AMENDMENT NO. 1 (this “Amendment”), dated as of January 5, 2016, to the Credit Agreement, dated as of January 6, 2015, by and among NEXPOINT CAPITAL, INC., a Delaware corporation (herein referred to as the “Borrower”), the Banks party thereto from time to time and STATE STREET BANK AND TRUST COMPANY, as agent for the Banks (in such capacity, the “Agent”) (as the same may be further amended, supplemented or otherwise modified from time to time, the “Credit Agreement”).

RECITALS

I. Each term that is defined in the Credit Agreement and not herein defined has the meaning ascribed thereto by the Credit Agreement when used herein.

II. The Borrower desires an amendment to the Credit Agreement upon the terms and conditions herein contained, and the Banks have agreed thereto upon the terms and conditions herein contained.

NOW, THEREFORE, in consideration of the mutual agreements contained herein and for other good and valuable consideration, the receipt and sufficiency of which are hereby acknowledged, the parties hereto agree as follows:

1. Section 1.01 of the Credit Agreement is hereby amended by adding the following defined terms thereto in appropriate alphabetical order:

Amendment Effective Date” means the Amendment Effective Date as such term is defined in Amendment No. 1 to this Credit Agreement.

Commitment Fee Rate” means, for any date, a rate per annum equal to (a) during the period from the Effective Date to but excluding the Amendment Effective Date, the applicable rate set forth from time to time in this Credit Agreement at which the commitment fee accrues, and (b) at all other times, 0.25%.

Electronic Platform” means an electronic system for the delivery of information (including, without limitation, documents), such as IntraLinks On-Demand Workspaces™ , that may or may not be provided or administered by the Agent or an Affiliate thereof.

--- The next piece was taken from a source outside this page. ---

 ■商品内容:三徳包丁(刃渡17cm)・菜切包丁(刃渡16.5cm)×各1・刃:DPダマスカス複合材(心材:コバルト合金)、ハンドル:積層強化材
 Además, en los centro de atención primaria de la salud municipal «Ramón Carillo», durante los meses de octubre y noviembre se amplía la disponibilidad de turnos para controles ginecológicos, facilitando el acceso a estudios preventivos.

Specified Materials” means, collectively, all materials or information provided by or on behalf of the Borrower, as well as documents and other written materials relating to the Borrower or any of its Subsidiaries or Affiliates or any other materials or matters relating to the Loan Documents (including, without limitation, any amendment, restatement, supplement or other modification thereto).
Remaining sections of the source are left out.